Huntington’s disease treatment slows progression by 75%, study finds
Gene therapy slowed Huntington’s disease progression by 75 per cent in a recent trial, in what researchers describe as the first effective treatment for the condition.
The therapy means that decline expected in one year would instead take four years, potentially giving patients decades of better quality life, researchers said.
Researchers from University College London Huntington’s Disease Centre reported results from the trial of 29 patients, who received a one-off gene therapy during 12 to 18 hours of brain surgery.
Professor Sarah Tabrizi, director of the UCL centre, described the results as “spectacular.”
She said: “We never in our wildest dreams would have expected a 75 per cent slowing of clinical progression.”
The treatment uses a modified virus to deliver specially designed DNA deep into two brain regions – the caudate nucleus and putamen – with real-time MRI guiding a microcatheter during surgery.

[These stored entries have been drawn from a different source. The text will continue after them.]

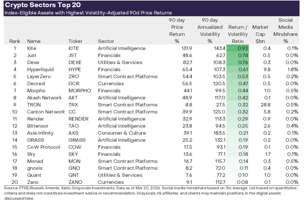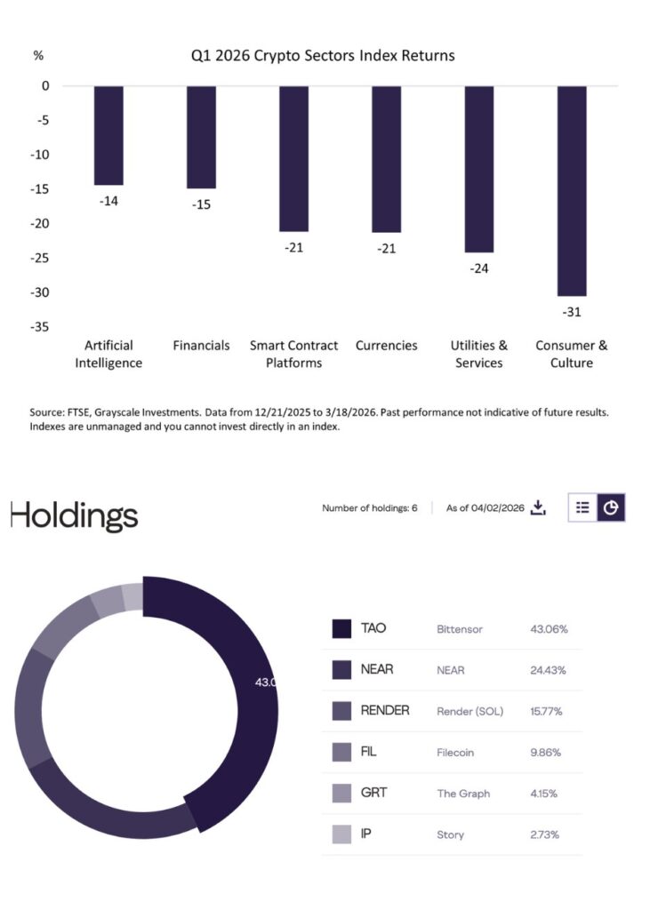 Grayscale’in 2026 yılının ilk çeyreğine ait raporu, kripto piyasasında sermayenin 21 Aralık 2025 – 18 Mart 2026 tarihleri arasında nereye “saklandığını” verilerle ortaya koydu. Tüm sektörler kırmızıya boyanırken, Yapay Zeka (AI) sektörü %14’lük sınırlı düşüşüyle adeta bir sığınak görevi gördü. Ancak bu başarının ardında, Bittensor (TAO) ve NEAR üzerinden yürüyen yoğunlaşmış bir portföy yapısı bulunuyor.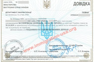 Справка о несудимости Украина — официальный документ, который выдается Министерством внутренних дел Украины и дает информацию об отсутствии судимости (или наличии) у человека, на имя которого она выдается. Справка об отсутствии судимости на территории Украины понадобится вам, если вы оформляете иммиграционную визу в США: Справка о несудимости Украина оформляется только на лиц, старше 14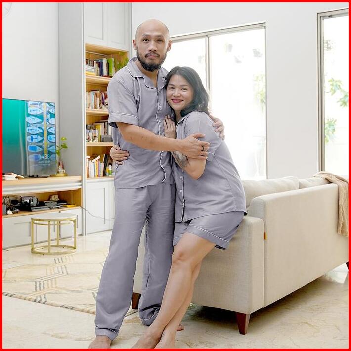 Best Seller Nyonya Piyama Poly Bamboo Set Piyama Couple Peppercorn Polos Herb Baju Panjang Setelan Celana Kombinasi Sant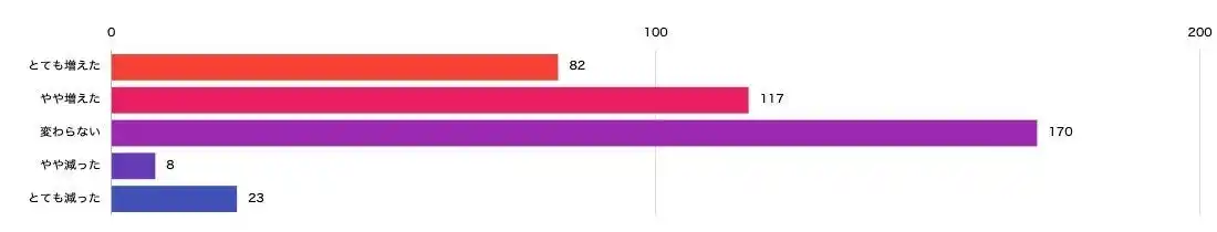 「新生活を迎えた際、ストレスや疲れはどのように変化しましたか?」という質問に対し、「とても増えた」「やや増えた」と回答した人の合計は49.75%となり、約半数がストレスの増加を実感していることが分かりました。 |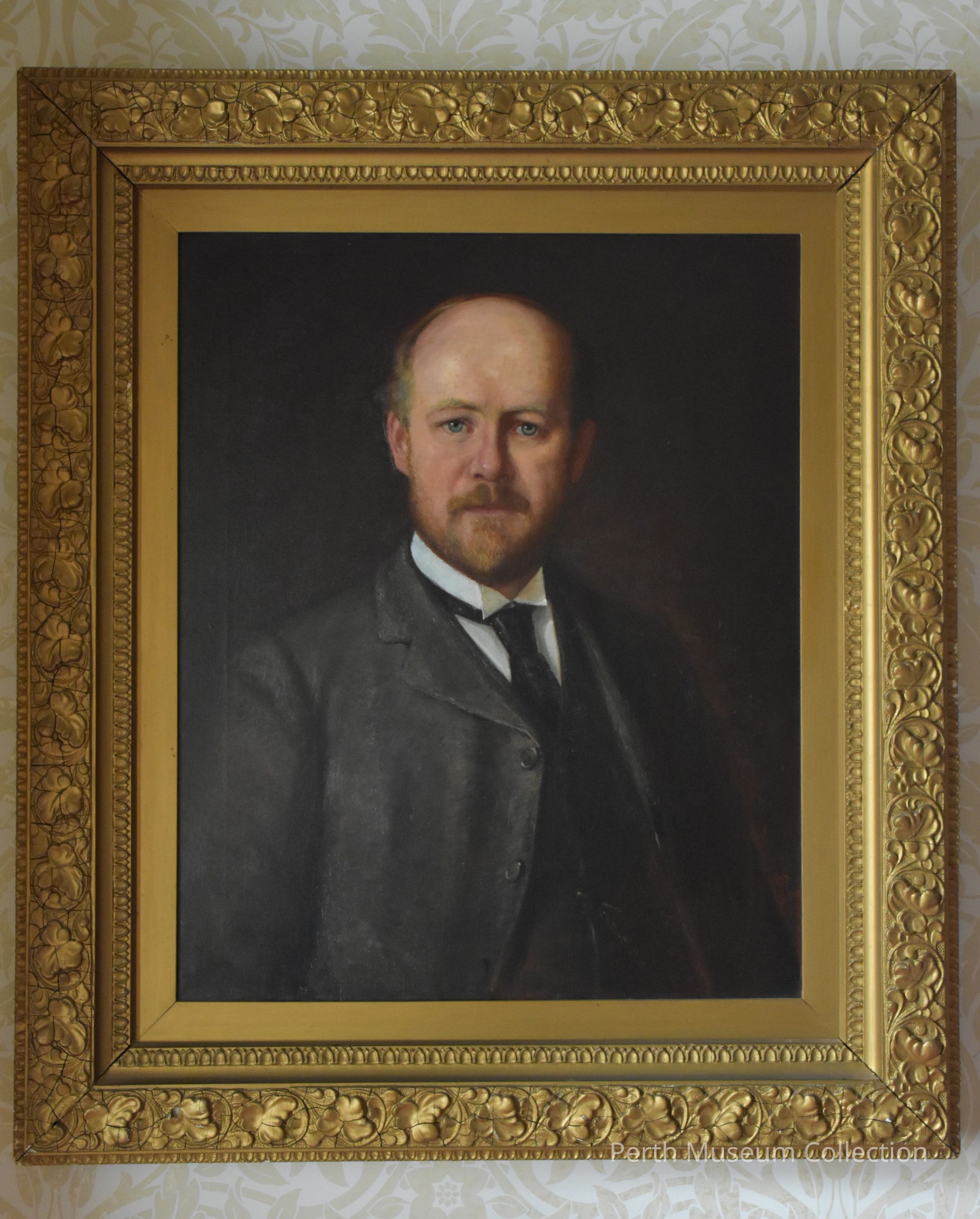 The image depicts a formal portrait painting of a man with a beard, dressed in a dark suit, white shirt, and a tie, presented against a dark background, all encompassed by an ornate gold frame featuring intricate floral patterns, with the painting hanging on a wall covered in subtly patterned wallpaper, creating an atmosphere reminiscent of a classic or historical setting, evoking a sense of timelessness and dignity, and highlighting the craftsmanship both in the painted portrait and the elaborately carved frame, which complements the overall painting.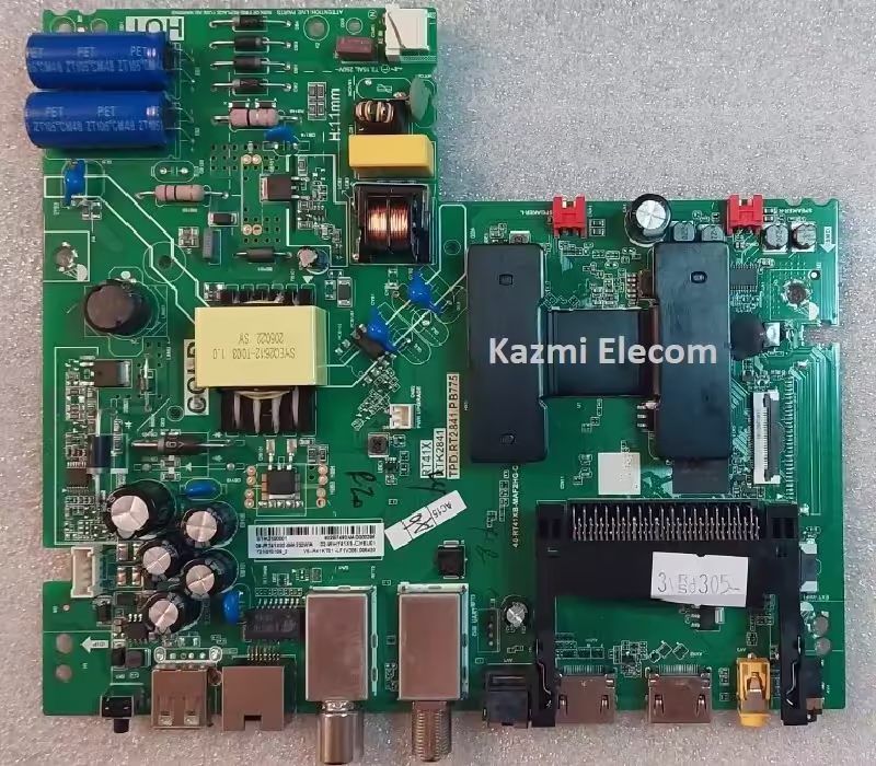 TPD.RT2841.PB775 is a smart Android FHD motherboard for LCD and LED TVs. Its maximum supported screen resolution is 1920×1080 Full High Definition 1080 Pixels. This is a Combo three-in-one motherboard that is built with the main power input circuit and the backlight inverter driver circuit with a cable TV tuner on a single piece of printed circuit board (PCB). This board has 8GB of storage NAND Flash memory (EMMC). Its processing speed is very fast, and its response time is excellent. The graphics quality is awesome, and the sound quality is very good with a dual stereo speaker system of 16 watts (8*2).

Once inside brain cells, the DNA produces microRNA – small genetic fragments that intercept and disable instructions for building the toxic huntingtin protein that causes the disease.
This permanently lowers levels of the harmful protein.
Three years after surgery, patients showed an average 75 per cent slowing of disease progression, measured through cognition, motor function and daily living abilities.
Some returned to work after early medical retirement, while others kept walking when wheelchairs were expected.
Brain cell death markers in spinal fluid, which would normally have risen by a third over that time, were actually lower than at the trial’s start.
Professor Ed Wild is consultant neurologist at the National Hospital for Neurology and Neurosurgery at UCLH.
Wild said: “There was every chance that we would never see a result like this, so to be living in a world where we know this is not only possible, but the actual magnitude of the effect is breathtaking, it’s very difficult to fully encapsulate the emotion.”
He said he was “a bit teary” thinking about the impact on families and believes the therapy “should last for life” as brain cells are not replaced like blood, bone or skin cells.
UniQure, the company behind the therapy, says it will apply for a licence in the US in the first quarter of 2026, with launch expected later that year.
Discussions with regulators in the UK and Europe are due to start next year.